ASSIGNMENT:
Skip the pictures and write out, word for word, the lines below from the one with "Click on the" through the one with "12Pcs Lilo&Stitch Candy", inclusive.

EXERCISE DATA:
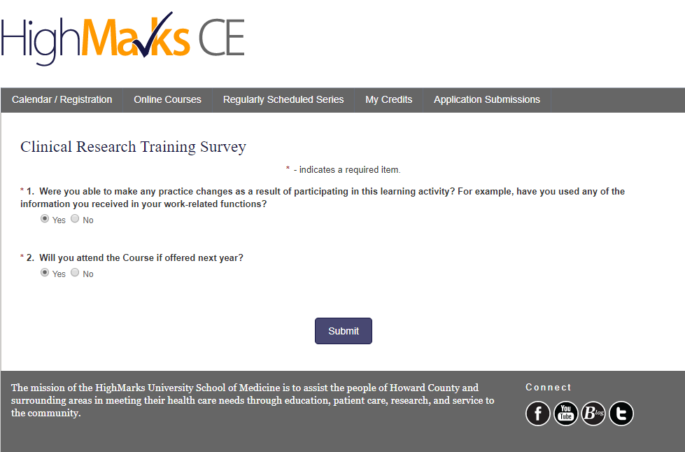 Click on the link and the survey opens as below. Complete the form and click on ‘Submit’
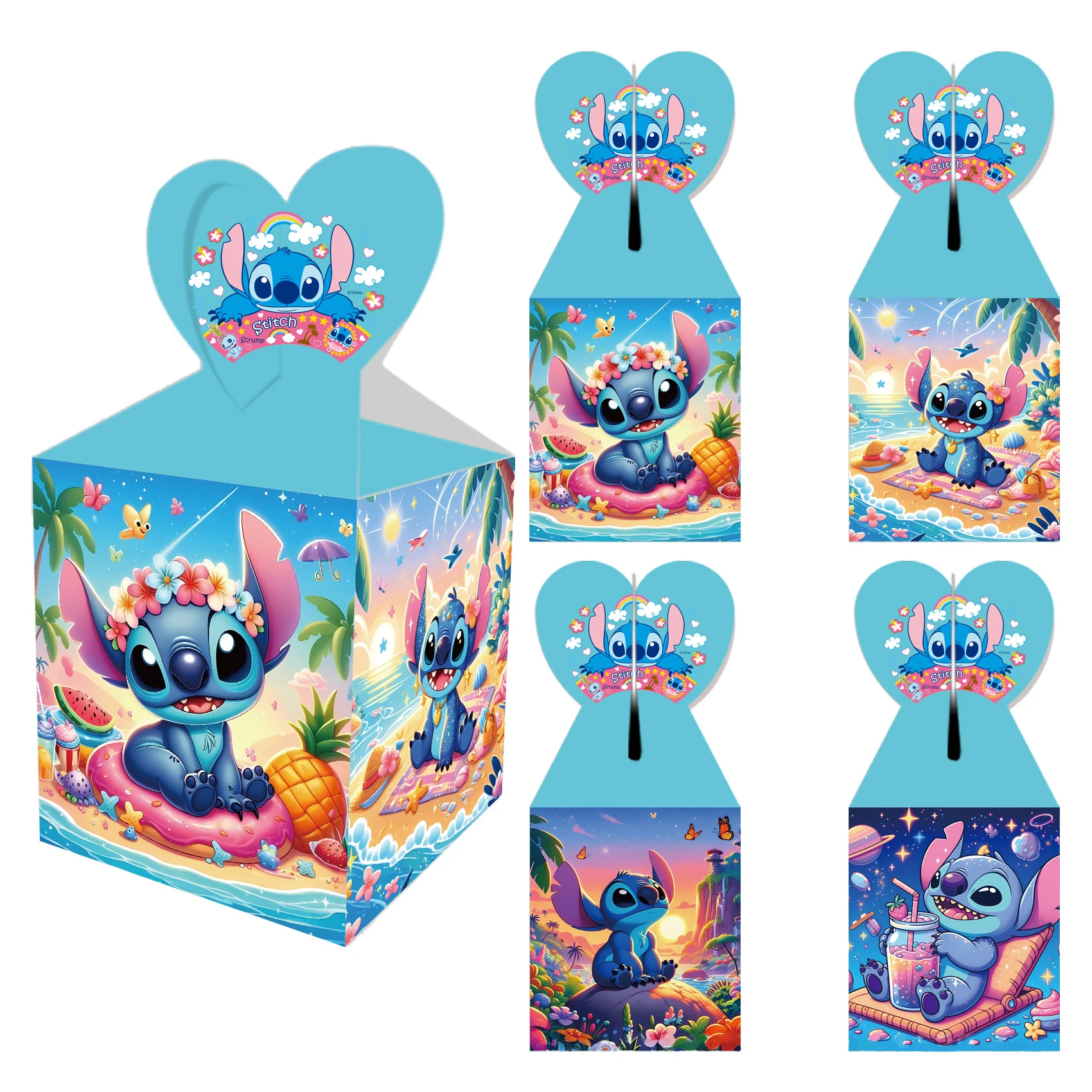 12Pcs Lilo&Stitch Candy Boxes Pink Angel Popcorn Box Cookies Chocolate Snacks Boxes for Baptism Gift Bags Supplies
* * *
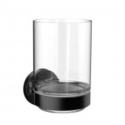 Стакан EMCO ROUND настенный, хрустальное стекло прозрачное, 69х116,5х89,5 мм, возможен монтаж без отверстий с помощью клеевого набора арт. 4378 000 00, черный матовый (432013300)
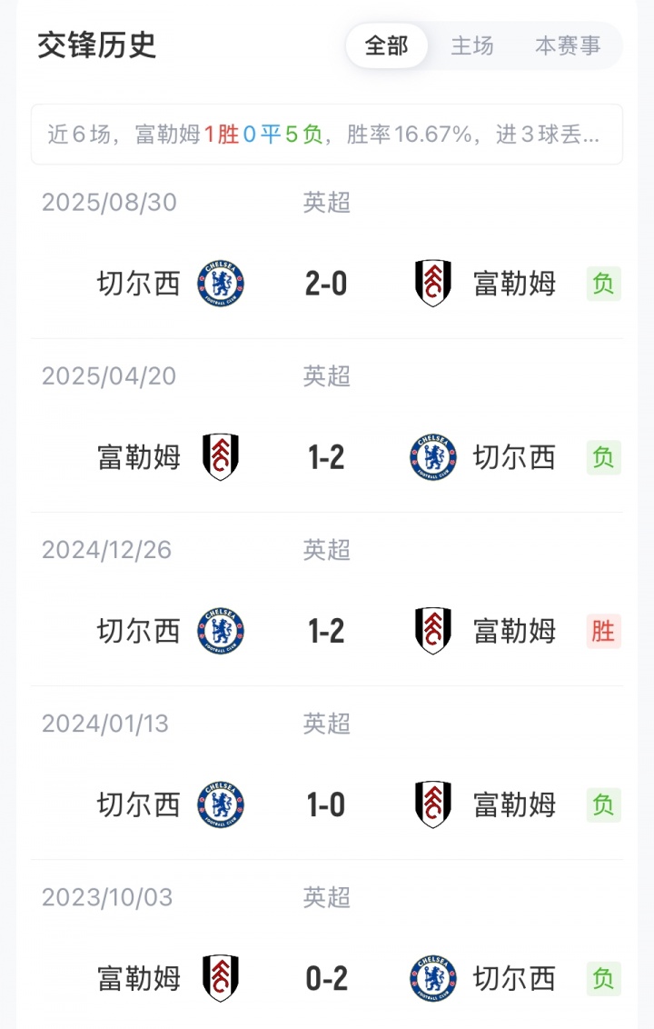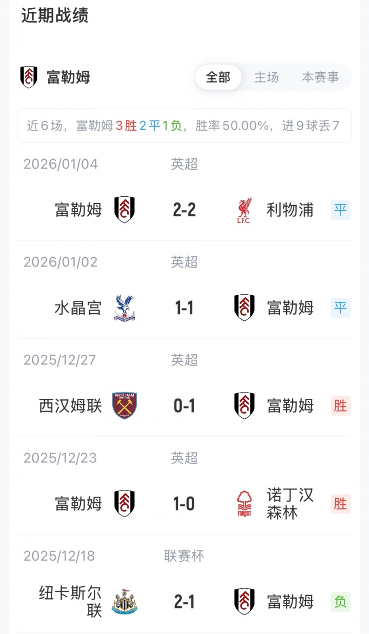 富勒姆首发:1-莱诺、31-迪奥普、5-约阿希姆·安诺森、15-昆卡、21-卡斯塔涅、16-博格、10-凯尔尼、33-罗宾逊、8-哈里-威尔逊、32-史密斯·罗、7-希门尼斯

RESULT OF THIS EXERCISE:
 Click on the link and the survey opens as below. Complete the form and click on ‘Submit’
 12Pcs Lilo&Stitch Candy Boxes Pink Angel Popcorn Box Cookies Chocolate Snacks Boxes for Baptism Gift Bags Supplies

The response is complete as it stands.